Related to above – that the genetics of autism is tremendously complex with hundreds of contributing genes that also show variation in the general population and contribute to traits that we all show. In our studies, for example, we have shown that relatives of individuals with autism, who themselves are in no way impaired, commonly show subtle language styles, social traits, and unique neuropsychological profiles that are believed to result from the genes involved in autism. These profiles are evident in all of us to different degrees – some people are more or less sociable, or more or less attuned to different social signals. The prospect that these complex abilities may be influenced by genes involved in autism I find to be a tremendously important insight into the roots and origins of complex human behavior that has come from autism research.
This development has helped us to think more seriously and clearly about autism as well. So, for instance, a related and also very important development has been the broader recognition of the unique strengths in autism and initiatives to develop programs to build on those strengths to improve individuals’ lives and integration into their communities, including independent living. Our NIH-funded projects that are currently underway have potential to provide important findings that can help to tailor and optimize such training programs to focus on the unique strengths in autism, and we’re really excited to work towards translating those findings into action that can increase services and support for individuals with autism.
You mentor graduate students in both Northwestern’s Communications Sciences and Disorders program and Northwestern Feinberg School of Medicine’s Clinical Psychology program. What advice do you give these students, or anyone interested in this important area of study?

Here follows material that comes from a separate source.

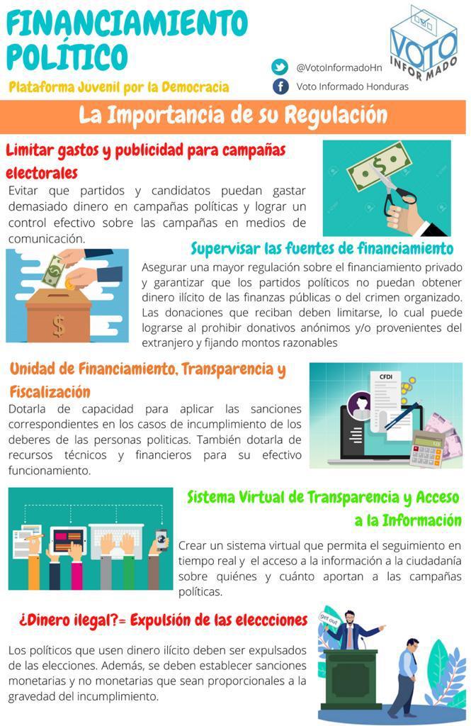 Entre los temas más importantes están la importancia de limitar gastos y publicidad para campañas, supervisar las fuentes de financiamiento, fortalecer la Unidad de Política Limpia, crear un sistema de transparencia y acceso a la información electoral y evitar que dinero de origen ilícito financie partidos y candidatos.

I do work with terrific students in both programs. My advice for students interested in graduate work in the autism field is to get research experience early on – first, to make sure you enjoy research. It is a tremendously rewarding career if research is something you enjoy, but it’s not for everyone and better to know early on than once you are in the middle of a very challenging graduate program. Second, research experience early on is essential for honing your interests and developing relevant experience to establish a competitive application. It is always impressive to see a student who has worked for several years in a lab as an undergraduate, or after graduating, and spent the time to really develop their interests.
What's next for research on neurodevelopmental disabilities? Are there any neglected or underestimated areas of study that you hope to pursue further?
One major area of neglect in the autism field is the study of adulthood. Autism is a lifelong condition, and yet most research and services focus on early childhood. As individuals age they have changing needs for services and support, and may also show changes in language, cognitive and behavioral profiles. So little is known about this period of development, though. This is an area we are actively studying in our research with adults.